───── RECORDS FOR THIS EXERCISE ─────
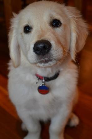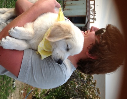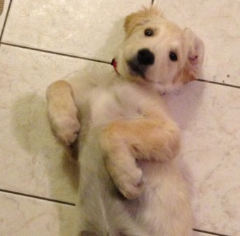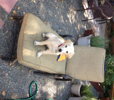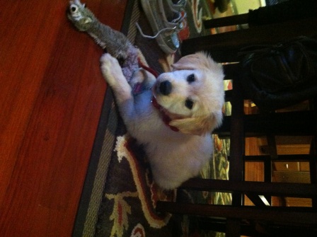 ~AngelAngel is a doll and so very smart. She hasn’t started puppy classes yet, but she wouldn’t think of asking for a treat without sitting. She has “five” down pat. I ask for “five” instead of “paw” because the “five” command is what kids like to ask for. I started “down” and she almost has that one figured out too. She is pretty much house trained with only an occasional piddle inside.
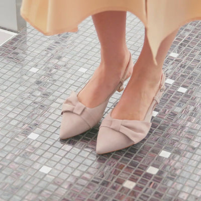 Our low slingback heels are here for the new season! Handmade from soft pale taupe suede with matching bows and a flared kitten heel for extra stability, 'Kennedy' is a classy neutral shoe with an elegant silhouette to go with all your favourite dressy outfits. With an adjustable slingback strap, underfoot cushioning and a stretch panel for bunions and difficult joints, these heels will give you hours of comfort!
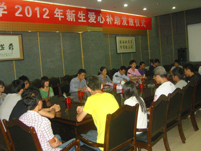 (本网讯)9月18日中午,西安工业大学在未央校区图书馆第一会议室举行西安工业大学2012年爱心补助发放仪式暨学生座谈会,学生处处长任慧英、学生处资助中心相关教师及受助的22名学生参加了发放仪式,仪式由学生处副处长姬洪波主持。
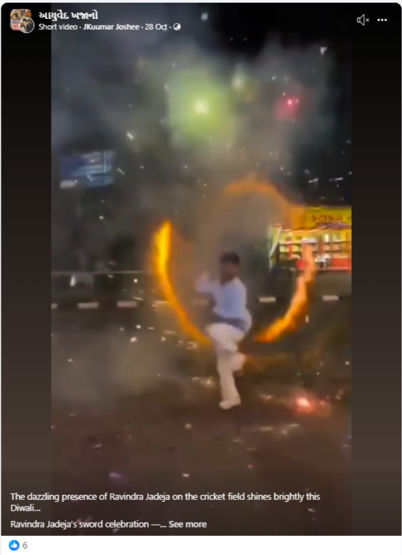 ભારતીય ક્રિકેટર રવિન્દ્ર જાડેજા ઘણીવાર મેદાન પર પોતાના બેટને તલવારની જેમ લહેરાવીને ઉજવણી કરતો જોવા મળે છે. આ સંદર્ભમાં, સોશિયલ મીડિયા પર એક વ્યક્તિનો ફટાકડાના કરતબ કરતો વીડિયો ઝડપથી વાયરલ થઈ રહ્યો છે. આ વીડિયોને શેર કરીને દાવો કરવામાં આવી રહ્યો છે કે, “ફટાકડા વડે સ્ટંટ કરતો યુવાનએ ભારતીય ક્રિકેટર રવિન્દ્ર જાડેજા છે.”
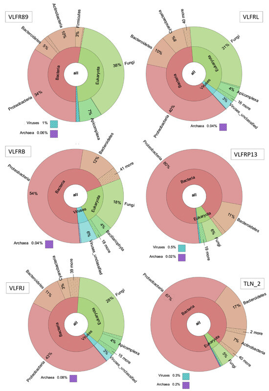 Bacteria was the most abundant kingdom observed (53 to 98% of total reads per sample), followed by eukaryotes (1% to 46% of reads per sample). Viruses’ abundance was lower compared to other kingdoms, ranging from 0.1% to 6% (Figure 2; Supplementary Material, Figure S1). Even though archaea was also present, it showed lower abundances than viruses, with a maximum of 0.2% in one sample, and ranging from 0.04% to 0.1% in the others.
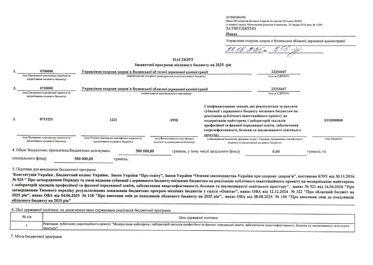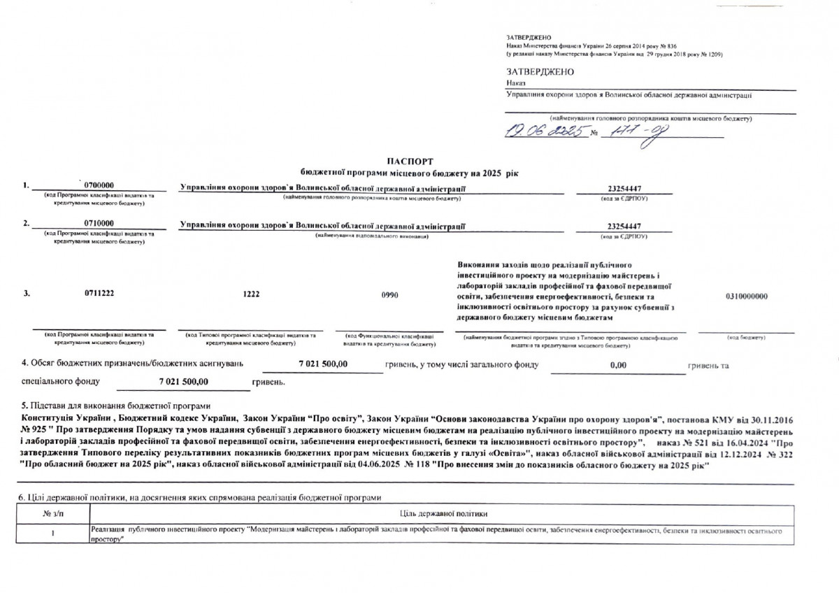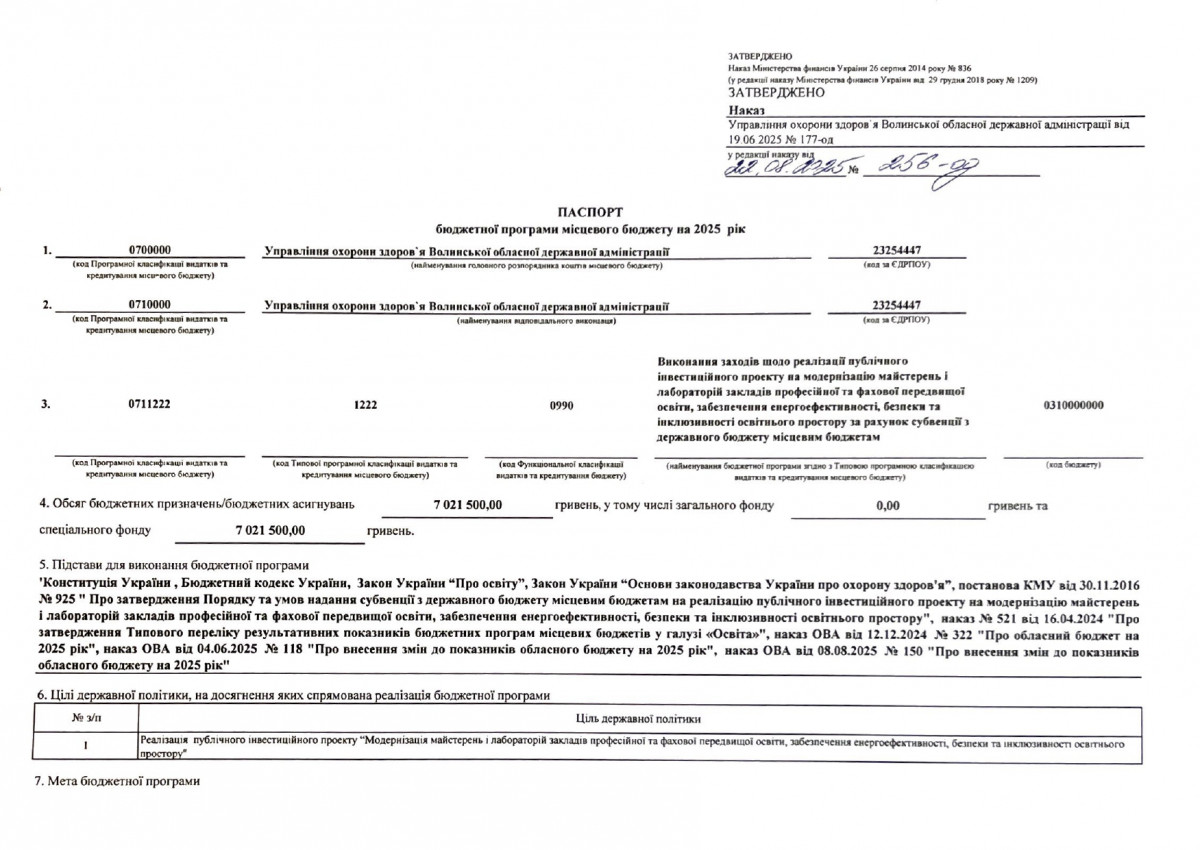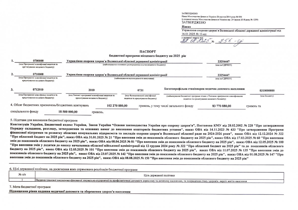 Паспорт бюджетної програми 7731010 «Здійснення виконавчої влади у Волинській області» на 2022 рік
─────
Would you copy out, exactly and with no pictures, only the lines above from the one that contains "ભારતીય ક્રિકેટર રવિન્દ્ર જાડેજા ઘણીવાર" through the one that contains "Bacteria was the"?

- [OUTPUT FOR THIS TASK]:
 ભારતીય ક્રિકેટર રવિન્દ્ર જાડેજા ઘણીવાર મેદાન પર પોતાના બેટને તલવારની જેમ લહેરાવીને ઉજવણી કરતો જોવા મળે છે. આ સંદર્ભમાં, સોશિયલ મીડિયા પર એક વ્યક્તિનો ફટાકડાના કરતબ કરતો વીડિયો ઝડપથી વાયરલ થઈ રહ્યો છે. આ વીડિયોને શેર કરીને દાવો કરવામાં આવી રહ્યો છે કે, “ફટાકડા વડે સ્ટંટ કરતો યુવાનએ ભારતીય ક્રિકેટર રવિન્દ્ર જાડેજા છે.”
 Bacteria was the most abundant kingdom observed (53 to 98% of total reads per sample), followed by eukaryotes (1% to 46% of reads per sample). Viruses’ abundance was lower compared to other kingdoms, ranging from 0.1% to 6% (Figure 2; Supplementary Material, Figure S1). Even though archaea was also present, it showed lower abundances than viruses, with a maximum of 0.2% in one sample, and ranging from 0.04% to 0.1% in the others.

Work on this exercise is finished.